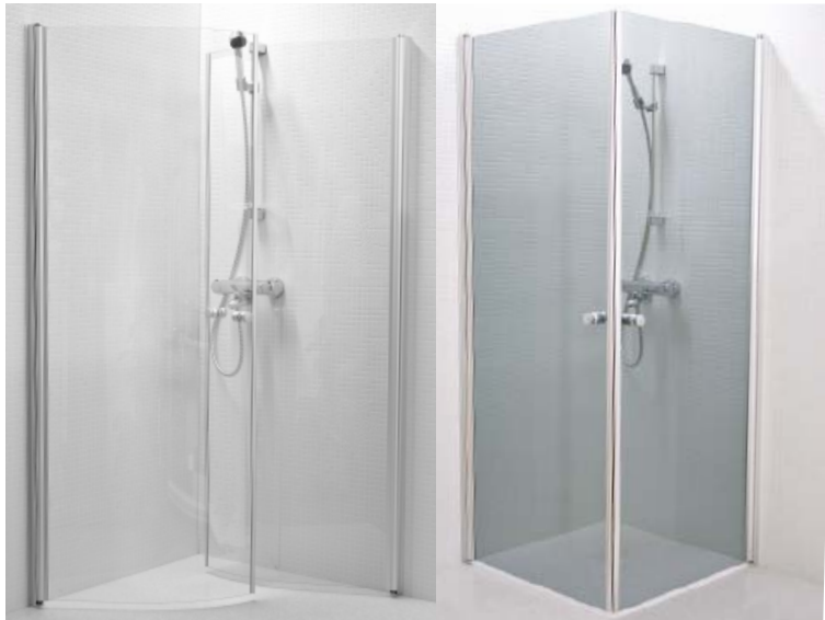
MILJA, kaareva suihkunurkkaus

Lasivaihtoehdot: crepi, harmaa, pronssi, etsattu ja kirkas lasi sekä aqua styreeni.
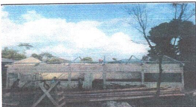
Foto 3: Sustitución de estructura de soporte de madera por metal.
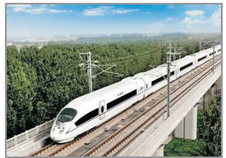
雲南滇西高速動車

● ● ● ●

* _TASK TO COMPLETE_: In your output, repeat the listing above exactly and include none of the pictures.

* _RESULT FOR THIS EXERCISE_:
MILJA, kaareva suihkunurkkaus

Lasivaihtoehdot: crepi, harmaa, pronssi, etsattu ja kirkas lasi sekä aqua styreeni.
Foto 3: Sustitución de estructura de soporte de madera por metal.
雲南滇西高速動車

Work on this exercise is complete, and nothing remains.